“I’m going to use this review to defend Return of the Jedi, my favorite Star Wars when I was a kid:
1. The Opening
The entire first half hour or so is great. The Jabba shit, Luke showing up as a grown-ass man, Han Solo shooting a laser while pretty much blind. It’s all great.
2. The Rancor
The Rancor training being all upset when Luke kills the Rancor is a feeling familiar to anyone who has a dog that’s…really loving to them, but a fucking hellbeast to everyone else.
3. Gold Bikini
Hey, I was (and to an extent, am) a 10 year old boy. I’m not going to pretend like I had no thoughts on Princess Leia’s getup.
4. Empire
It’s a little slow. Hoth is cool, but then we’re just like floating in space. The Yoda stuff doesn’t have a lot of urgency. I don’t know, I got bored when I was a kid.
5. Star Wars
It’s the most incest-y of all the Star Wars movies. Defend it if you like.
6. The Button
The end is satisfying. Bad guys get punished, good guys are happy, Vader is redeemed.
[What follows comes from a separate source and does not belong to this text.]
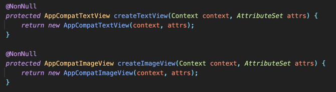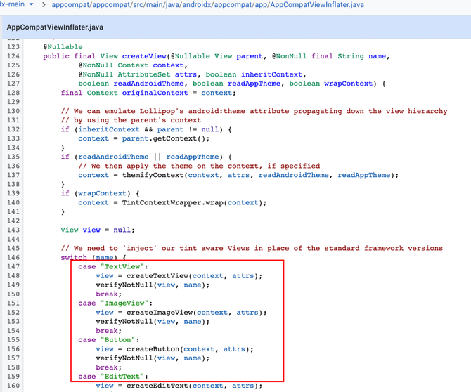 AppCompat 基础组件可以查看 AppCompatViewInflater.java 源码(上文也有部分展示),其中包括了诸如 TextView、Button 等十几个常用的基础组件。

It ended the series until it didn’t, but that’s not Jedi’s fault.
7. Speederbikes
I don’t care if it looks like shit today, in the 80’s, watching movies was half about what was on screen, half about you imagining shit. Because the visuals weren’t perfect, you had to meet in the middle and think it’d be fun to take a speederbike to school. Although then you’d get to school way too fast. I’m gonna have to rethink that one.”